In terms of technical implementation, the main Agent acts as a "project manager" responsible for task planning and decomposition, while each SubAgent runs as an independent process with its own context window and working directory. This solves the fundamental problem of a single Agent's limited context window—when project code volume exceeds the model's context length limit, a single Agent tends to "forget" previous information or produce hallucinations. Through divide and conquer, each SubAgent only needs to focus on the module code it's responsible for, significantly reducing context pollution and hallucination risks.

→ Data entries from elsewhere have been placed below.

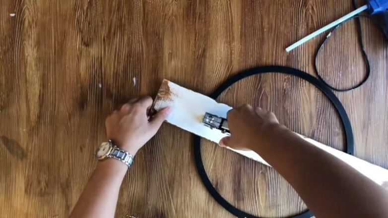 Найти идеальное место «по центру» кольца и прикрепить с помощью мебельного степлера доску в кольцу. Можно воспользоваться короткими саморезами.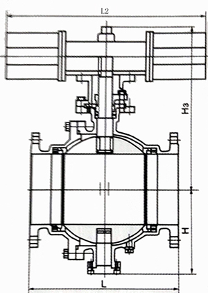 PN2.5MPa下的氣動(dòng)固定球閥外形尺寸
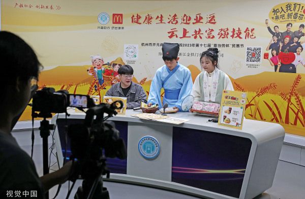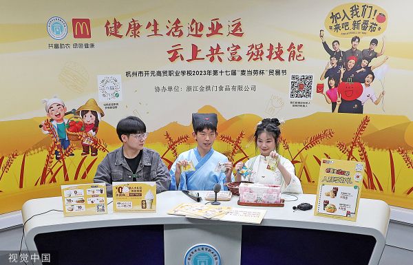 2023年5月6日,杭州市开元商贸职业学校一年一度的校园贸易节正式开启,学生团体分工协作,参与直播导购等电商销售的全流程服务。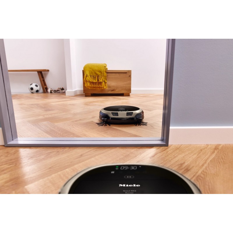 Керування роботом-пилососом Miele - це дитяча забава. Усього двома дотиками до сенсорного дисплея з чітким розташуванням кнопок ви обираєте потрібну програму і запускаєте Scout. Все інше він зробить сам. Крім того, ви можете вводити команди на пульті дистанційного керування, що входить до комплекту, не встаючи з крісла.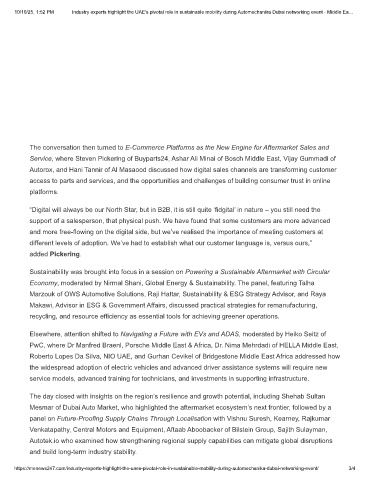10/10/25, 1:52 PM Industry experts highlight the UAE's pivotal role in sustainable mobility during Automechanika Dubai networking event - Middle Ea…

This approach can significantly improve task success rates and reduce execution error rates. For example, when developing an application, you can assign the frontend, backend, database, and testing modules to different sub-Agents, achieving truly parallel development. This multi-Agent collaboration pattern is also an important development direction in the AI Agent field in 2025, sharing the same design philosophy as multi-Agent frameworks like AutoGen and CrewAI.

Summary

The Claude Code + GLM 4.6 combination provides Chinese developers with a powerful and practical programming Agent solution. Claude Code offers an excellent Agent framework and interaction experience—its ReAct architecture, multi-level thinking modes, and SubAgent parallel capabilities represent the highest level of current programming Agents. GLM 4.6 perfectly complements it with capabilities on par with Claude 3.4, lower costs, and no network restrictions. As domestic open-source models continue to improve, this approach of pairing "the strongest framework + the strongest domestic model" deserves attention and experimentation from every developer. As model capabilities further improve and Agent frameworks continue to evolve, AI-assisted programming will comprehensively transition from "code completion" to a new stage of "autonomous development."